3.3. Result and discussion
In order to validate the performance of the proposed event detection based on multiple kernel learning, two other single kernel-based methods are also built and tested. Both of the other two methods take single media as input, i.e., text or image. The performance metrics of the proposed method and that of the other two methods for two events are given in Table 1.
|Brisbane hailstorm||Text only||0.89463||0.90662||0.90171||0.90416|
|The proposed method||0.93434||0.93578||0.94444||0.94009|
|California wildfire||Text only||0.90981||0.91533||0.91116||0.91324|
|The proposed method||0.92736||0.9311||0.93721||0.93414|
From the table, it can be seen that for both the Brisbane hailstorm event and California wildfire event, the proposed method consistently achieved a better performance in all the four metrics than the methods using text only or image only. For example, the proposed method achieved an accuracy of 0.93 for Brisbane hailstorm, whereas the method of using text only achieved 0.89 and the method of using image only achieved 0.85. For California wildfire, the accuracy of the proposed method is 0.92, better than that of 0.90 and 0.86 of the other two methods. Comparing to the other two single kernel-based methods, it can also be seen that the proposed method has improved about 5%, 6%, 5%, and 6%, respectively, in accuracy, precision, recall, and F-score. The experiment results have proven that event detection from multimedia data in Twitter is enhanced and improved by using a combination of multiple features for both images and text.

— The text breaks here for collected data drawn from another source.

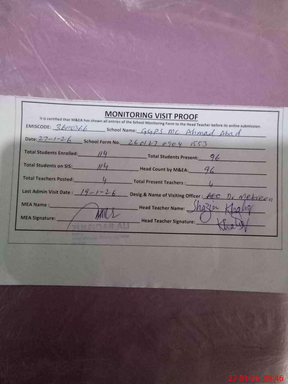 | EMIS Code: 36110366 | Name of School: GGPS MC AHMED ABAD | |||
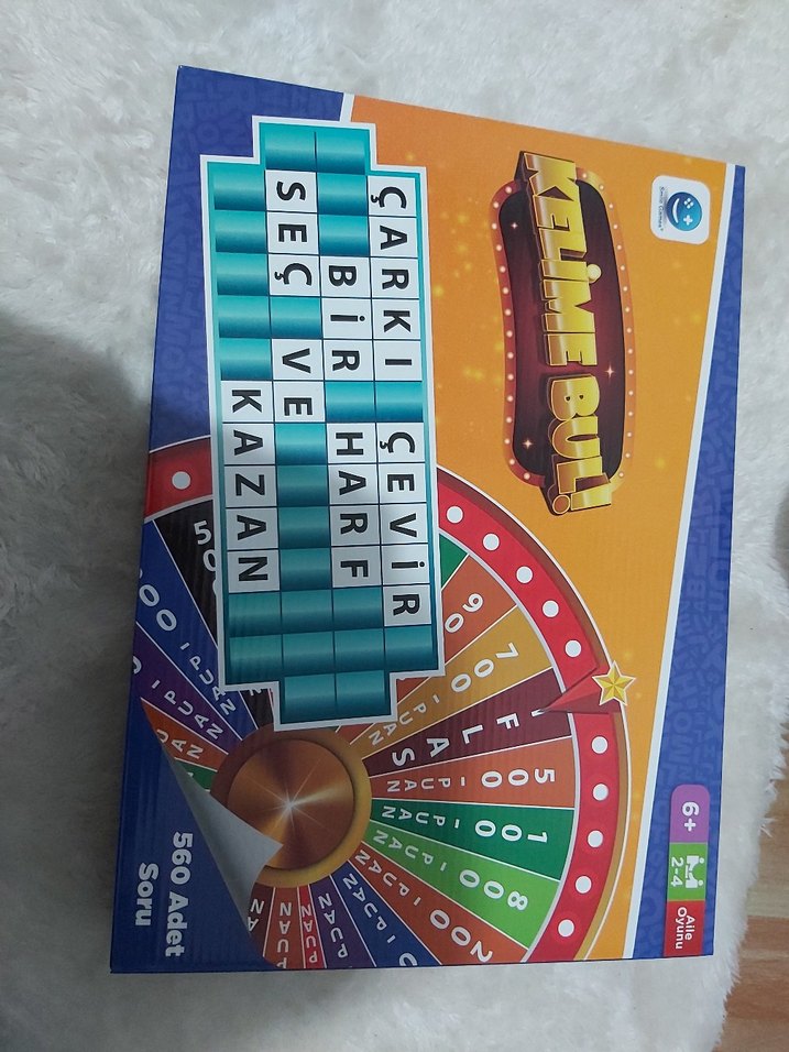 Çarkı çevir ve kelime bulma temalı, 560 soru kartı içeren çok renkli bir masa oyunu. 6 yaş ve üzeri için uygundur. Daha önce oynamadık resimde belirttiğim yerde ufak bi çatlak var oda yapıştırılabilir oyuna engel değil doğum gününde hediye gelmişti çok fazla oyun olduğu için satmak istiyorun
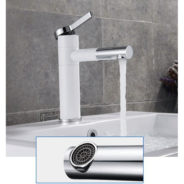 Nhà cửa & Đời sống > Dụng cụ & Thiết bị tiện ích > Chậu rửa & vòi nước || Vòi Lavabo nóng lạnh (Bóng kính, MÀU TRẮNG, chân vừa) - Hàng Siêu cấp ITALIA (Kèm đôi dây cấp nước)Còn hàng
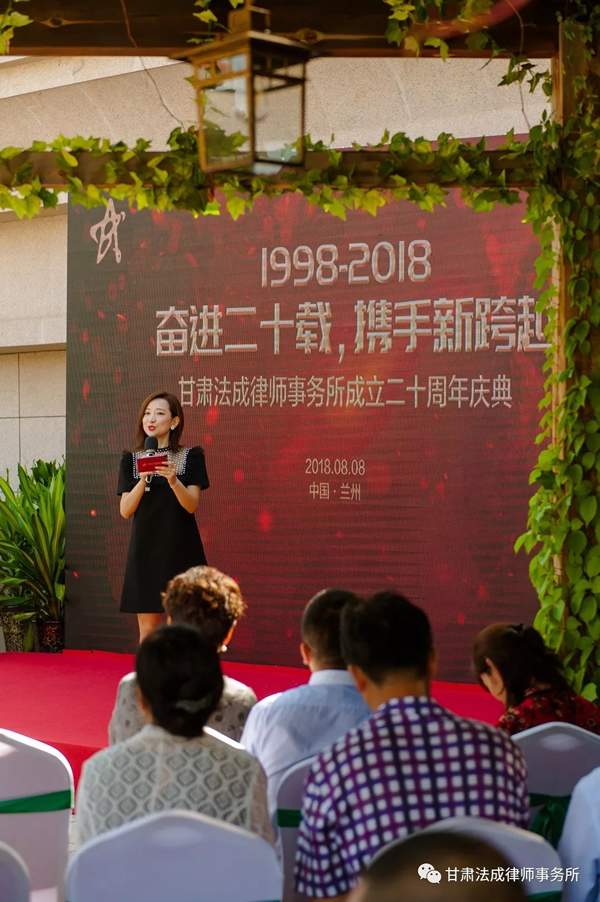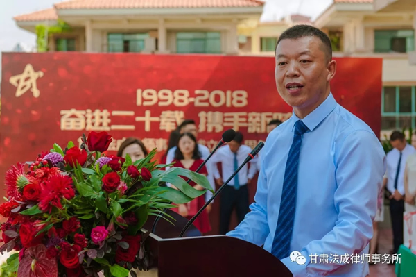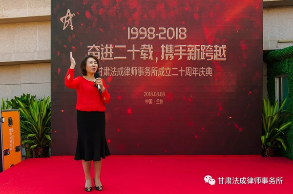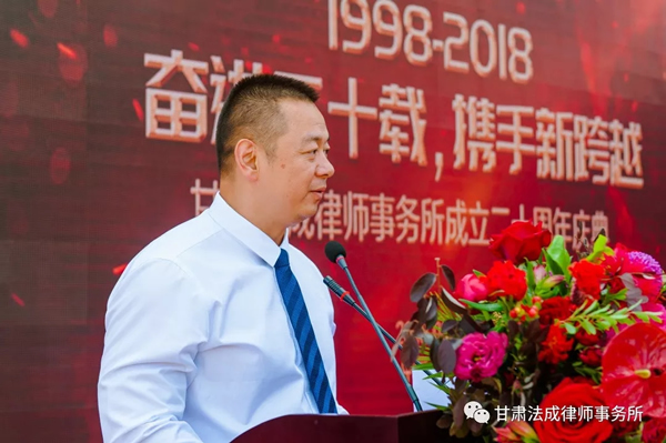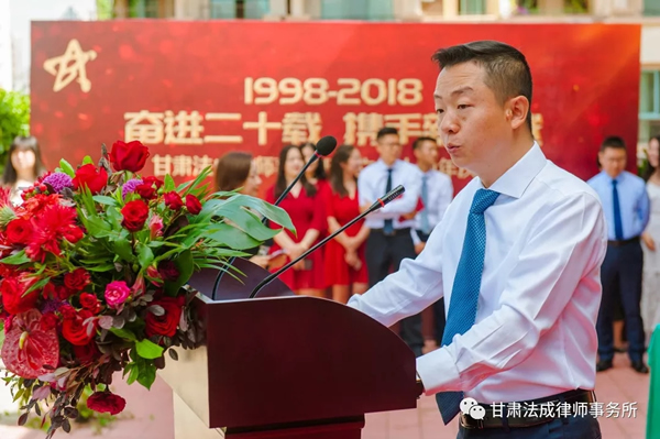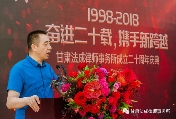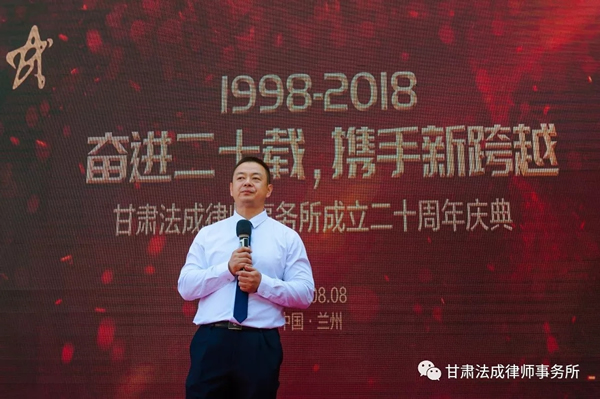 上午10点,在回顾过往、展望未来的法成宣传片中,本次庆典拉开了帷幕。20年的风雨沧桑,20年的矢志不渝,铸就了法成20年的辉煌成就。甘肃法成律师事务所王亦农主任首先致辞,表达了20年来法成人对法律事业的执着与热情,对未来的期盼和坚定的信念,秉持着崇法、尚德、守成、鼎新的律所文化的法成人,有理由期待一个更加辉煌灿烂的明天。
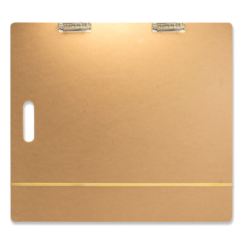 MPN: 006398UPC: 042491830995Designed to use in the studio, classroom, field, or home. Dual heavy-duty latch clips to hold paper or sketch pad in place while drawing. Convenient cut-out handle for easy carrying. Oversized rubber band securely holds artworks or documents in place. Durable, high-quality hardboard creates a smooth drawing surface. M...
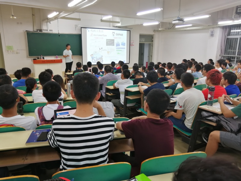 报告中,彭鑫老师围绕数据驱动的智能化软件开发技术这一主题介绍了机器学习、知识图谱、数据挖掘这些基础性的概念,并系统解释了智能化软件开发技术、目前面临的主要问题以及复旦大学研究团队在相关方面的研究成果。随后,听报告的学生就一些代码和规范语料的问题与彭老师现场展开了深入的讨论。
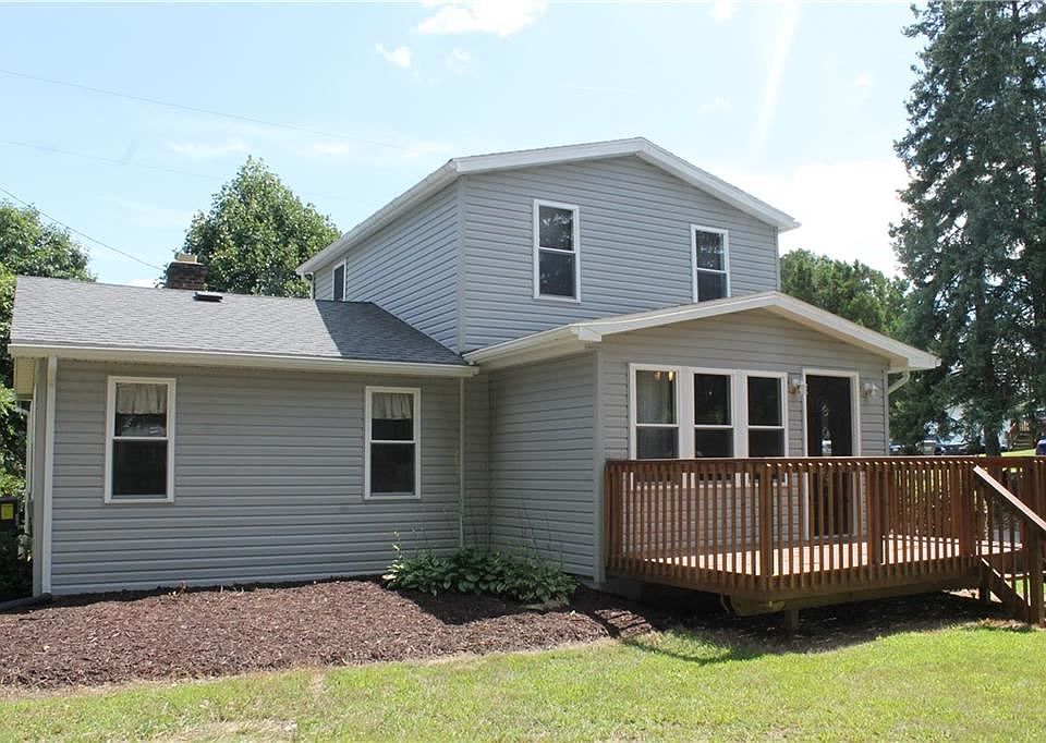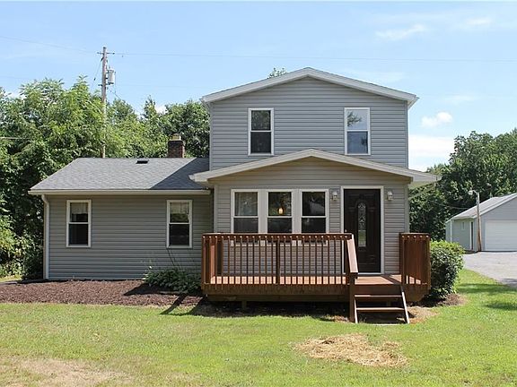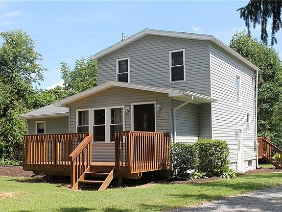two story home in new condition ,first floor master with vaulted ceilings ,his and hers closets ,dual vanities and large window, new kitchen with center island , floor to ceiling extended cabinets ,tile back splash and granite counter tops , new insulation ,drywall ,windows ,doors ,roof , siding, electric heat pump and central air, flooring thru out, hot and cold water tanks ,well pump , front porch 14 x 8 , rear deck 28 x 20 ,shed 10 x 8 ,two car garage 28 x 20 with newer drywall ,siding and garage door, sits back from road with plenty of parking ,private back yard,
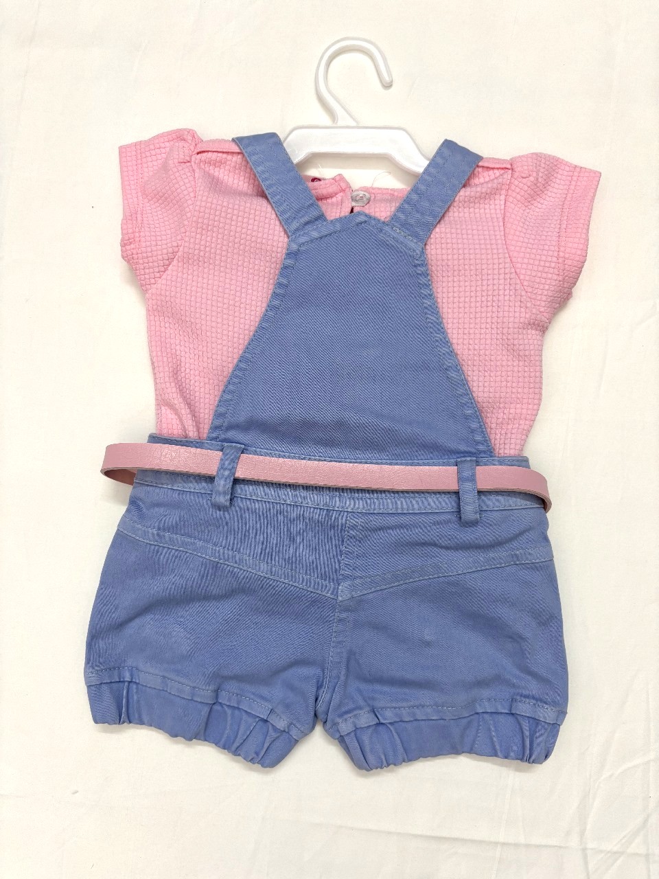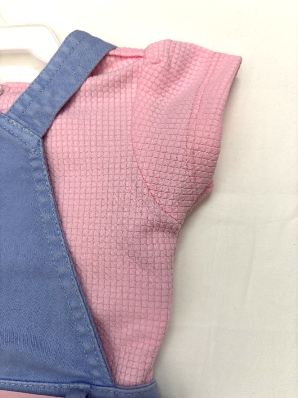pink & blue dungarees, has adjustable suspenders, two pockets, anwaistband and
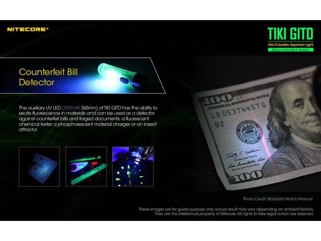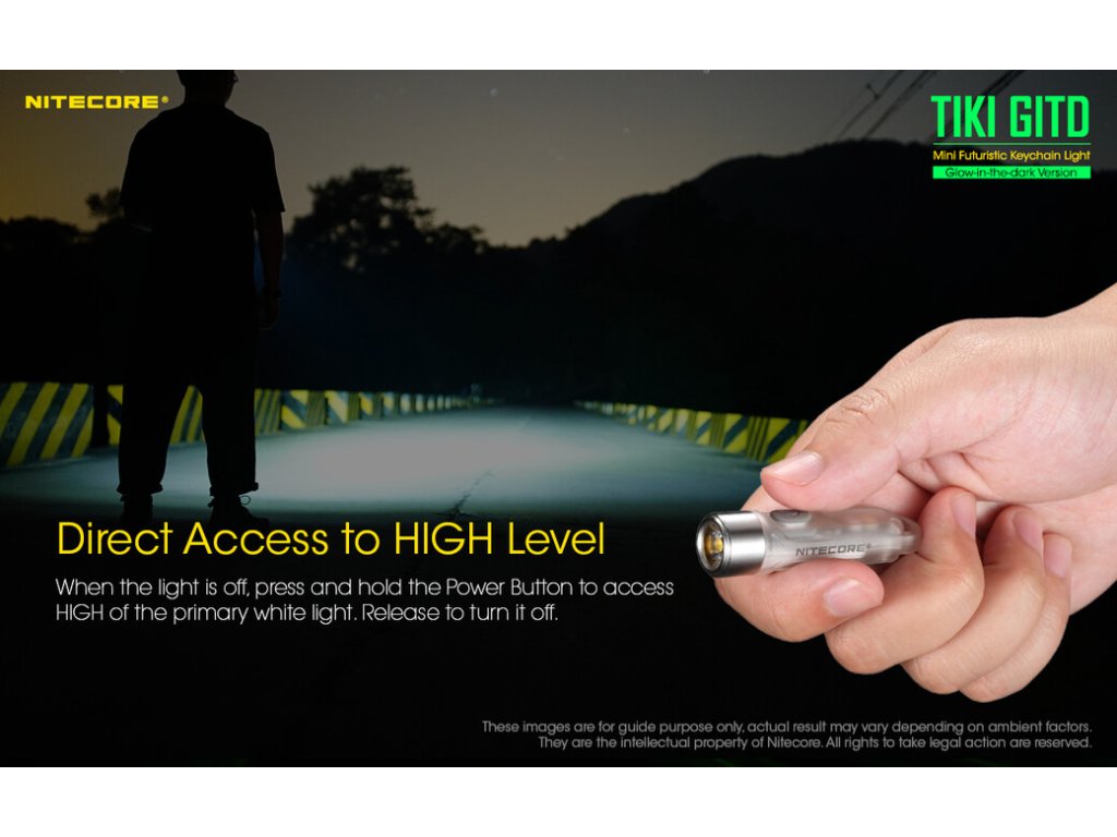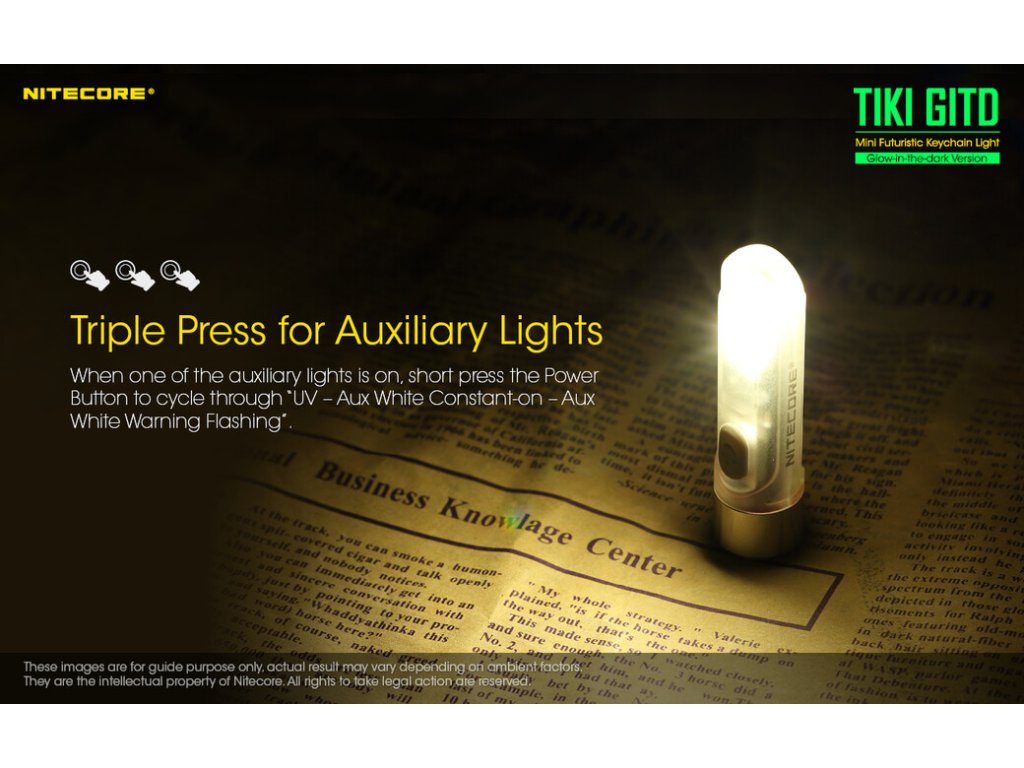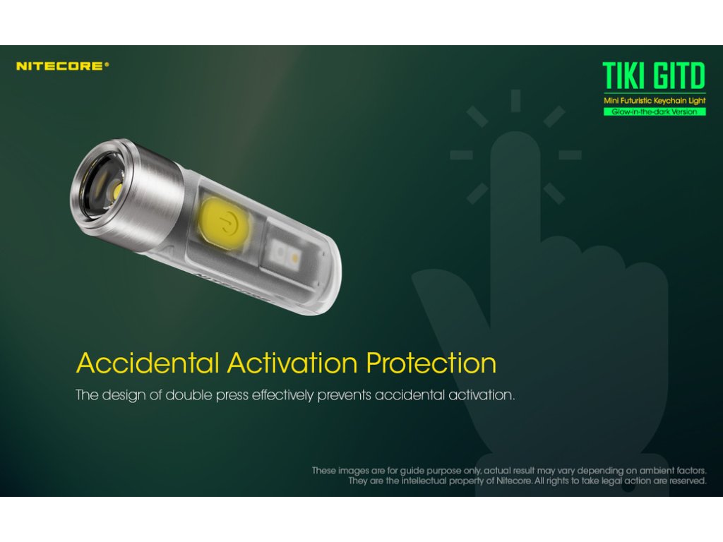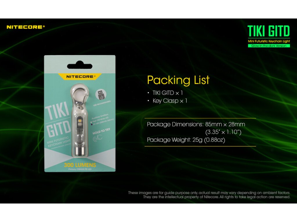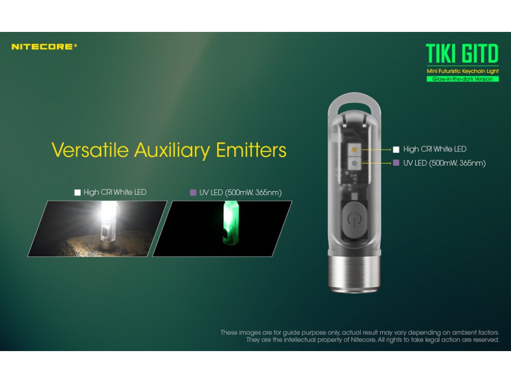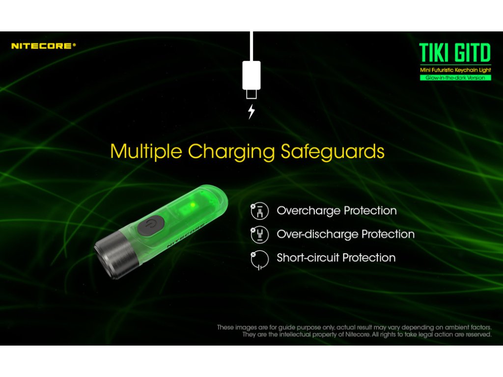 LED kľúčenka Nitecore TIKI GITD, Fosforeskujúce telo, Micro-USB nabíjateľná
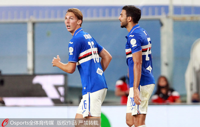 桑普多利亚(5-3-2):30-法尔科内/24-贝雷申斯基、34-吉田麻也、15-科利、3-奥杰洛、12-德保利(45’26-莱里)/7-利内蒂(73’16-阿希尔森)、4-罗纳尔多-维埃拉、14-扬克托/11-加斯顿-拉米雷斯(45’20-马罗尼)、27-夸利亚雷拉(73’23-加比亚迪尼)。
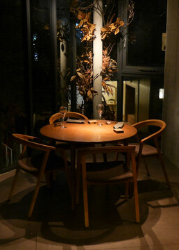 店內以柔和的燈光營造出舒適的氛圍,整體採用溫馨木質調內飾,空間寧靜而富有格調。餐桌間距寬敞,讓賓客能不受打擾地悠然享用美食。
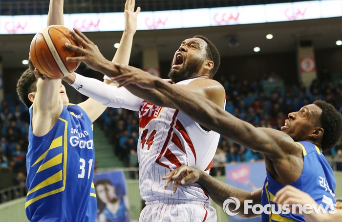 (서울=포커스뉴스) 24일 서울 잠실실내체육관에서 열린 2015-2016 프로농구 삼성-오리온 경기에서 오리온 제스퍼 존슨이 삼성 김준일, 라틀리프의 수비 사이로 레이업슛을 시도하고 있다.
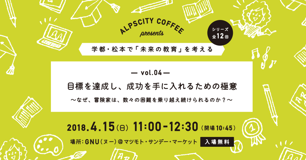 自転車世界一周で日本記録(157カ国、約16万㌔)を持つという小口氏。トークセッションでは、Edition4 Studies代表理事兼清泉女子大学教授の山本達也氏とともに、やり抜く力の身につけ方を考える。子供の「未来の教育」をテーマに、全12回の開催を予定する「学都・松本で未来の教育を考える」シリーズの一貫(第4回目)となる今回のトークイベント。参加費は無料で、食事やドリンクとともに楽しめる。
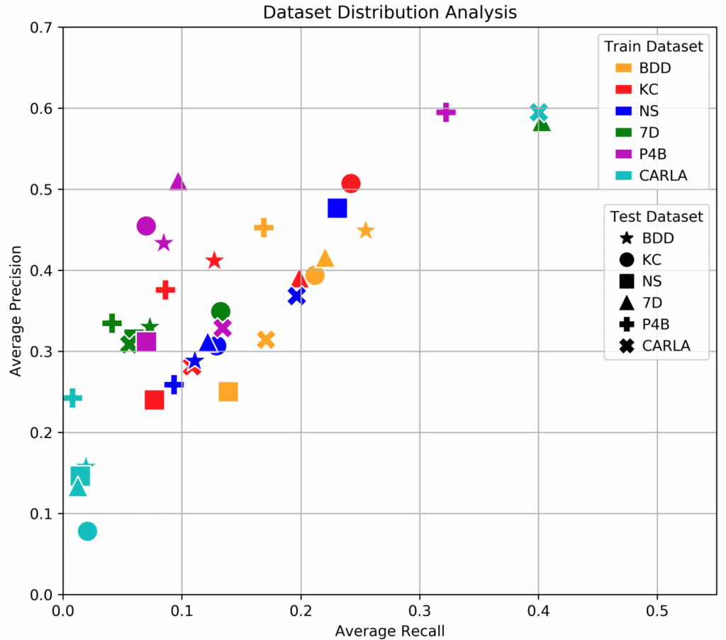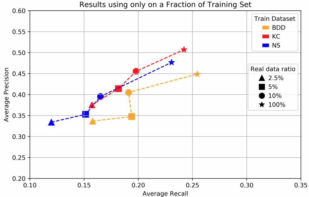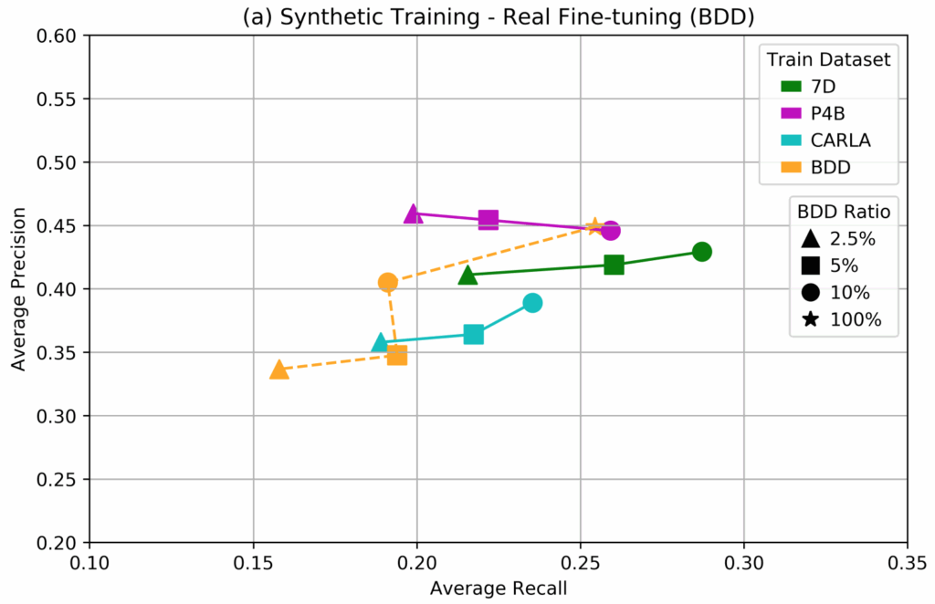 Second, note the “fine-tune” bars that exhibit (quite significant) improvements over other models trained on a different domain. This is another effect we have noted in our experiments: it appears that fine-tuning on real data after pretraining on a synthetic dataset often works better than just training on a mixed hybrid syn-plus-real dataset.

In this chapter, a method for detecting hot events, in particular disasters such as hailstorm and wildfires, is proposed. The approach uses visual information as well as textual information to improve the performance of detection. It starts with monitoring a Twitter stream to pick up tweets having texts and images, and storing them in a database. After that, Twitter data is preprocessed to eliminate unwanted data and transform unstructured data into structured data. Then, features in both texts and images are extracted for event detection. For feature extraction from the text, the term frequency-inverse document frequency technique is used. For images, the features extracted are: histogram of oriented gradients descriptors for object detection, gray-level co-occurrence matrix for texture description, color histogram, and scale-invariant features transform. In the next step, text features and image features are input to the multiple kernel learning (MKL) for fusion. MKL can automatically combine both feature types in order to achieve the best performance. The proposed method was tested on two datasets from two events, including Brisbane hailstorm 2014 and California wildfires 2017. The method is compared with a method that used text only and another method that used images only. With the Brisbane hailstorm data, the proposed method achieved the best performance, with a fusion accuracy of 0.93, compared to 0.89 with text only, and 0.85 with images only. With the California wildfires data, the proposed method achieved the best performance, with a fusion accuracy of 0.92, compared to 0.90 with text only, and 0.86 with images only. It has demonstrated that event detection from multimedia data in Twitter is enhanced and improved by our approach of using a combination of multiple features for both images and text. The proposed method also improves computational efficiency when handling big volumes of data, and gives better performance than other fusion approaches. It has delivered an accurate and effective detection method for detecting events, which can be used for spreading awareness and organizing responses. The research presents a breakthrough in terms of risk management strategies, one that can improve public health preparedness and lead to better disaster management actions.